A retrospective study was performed to determine the association between patient, lesion and procedure variables, such as calcification, with late lumen loss (LLL) after DEB therapy in patients with femoropopliteal arterial disease. Ninety-one patients (mean age, 72 ± 8.62 years; 54.9% men) were enrolled and evaluated 6 months after DEB treatment.
Researchers reported lesions in the superficial femoral artery (n = 68) and popliteal artery (n = 23).
A core laboratory graded lesion calcification using two published scoring indices: the peripheral artery calcification scoring system and a calcium circumference and length grading system.
At 6 months, the median LLL was 0.2 mm (interquartile range, −0.5 to 1.14), which varied significantly across lesions with differing calcification severity (P = .042). However, calcium location — intimal, medial or mixed — or calcium length did not significantly affect LLL.

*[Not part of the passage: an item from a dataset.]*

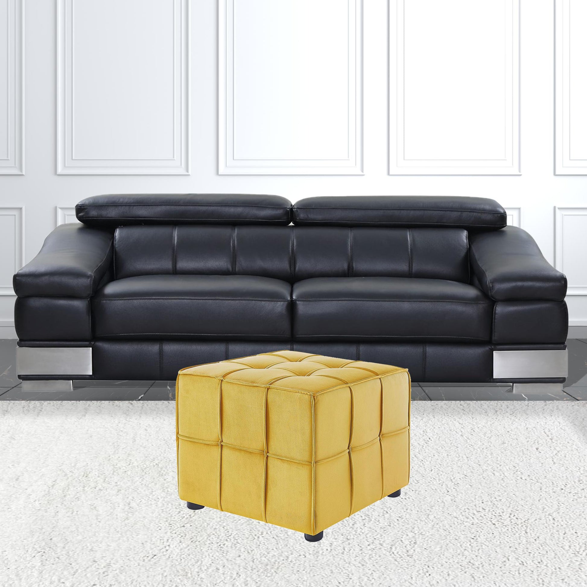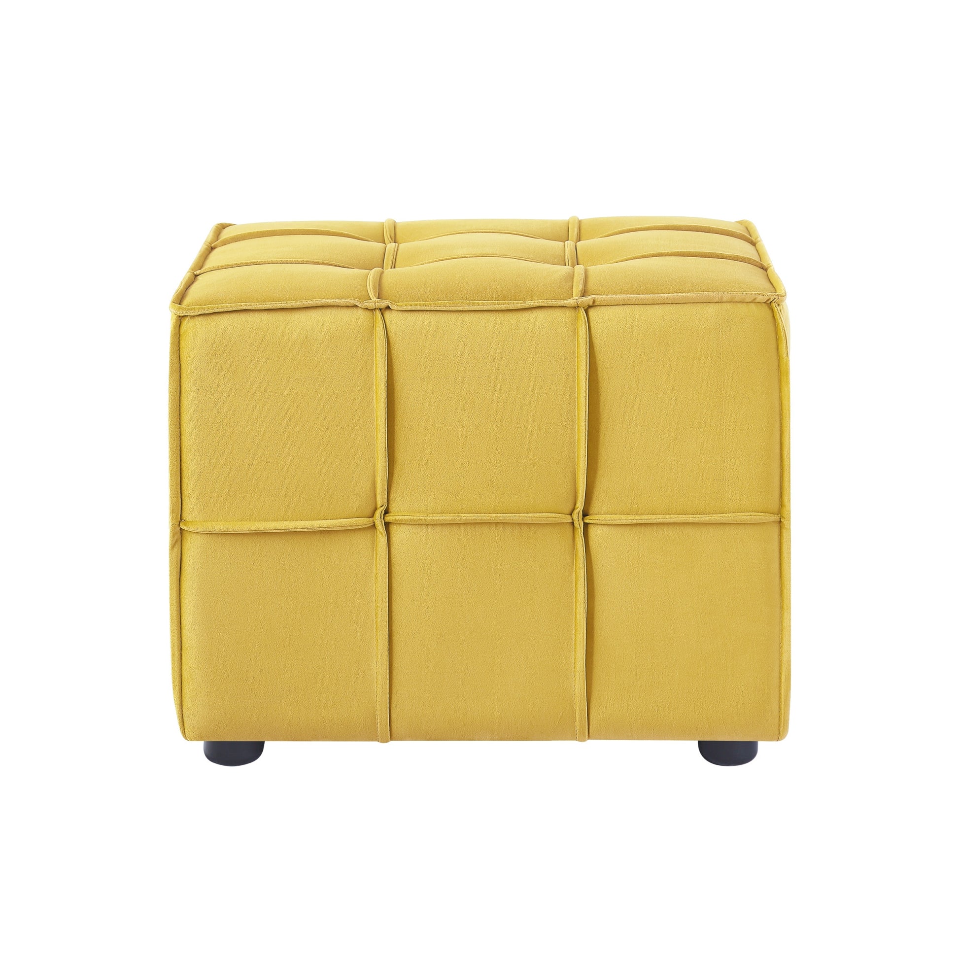 Optimize your space and add some charm to your room with the 22" yellow velvet and black cube ottoman. Add chic style to your space with this fun cube that not only looks cool but can be a great foot rest or extra seat when needed. The yellow manufactured wood top of this ottoman is a nice contrast to the black leg coloration of the base. Expertly upholstered with padding in a soft solid color velvet, this ottoman is as comfortable as it is good looking. Ottomans are multi-functional additions to your space that add fashion and practical value. 18" H x 22" W x 22" D

Additional data revealed the following predictors of LLL after DEB treatment: diabetes (P = .034); CAD (P = .024); and previous intervention of the target lesion (P = .013). Furthermore, after intervention, the severity of residual stenosis did not influence LLL during follow-up.
A possible approach to overcome the association between lesion calcification severity and LLL, the researchers wrote, might be plaque modification or removal before DEB usage.
“Nevertheless, clinical data that support this hypothesis are currently lacking,” they wrote. – by Brian Ellis
Disclosure: Two of the researchers report consulting and/or advisory board roles with Abbott, Biotronik, Boston Scientific, C.R. Bard, Cardiovascular Systems, Cook, Covidien, Johnson & Johnson Cordis, Medtronic, Medrad, Straub Medical and W.L. Gore & Associates.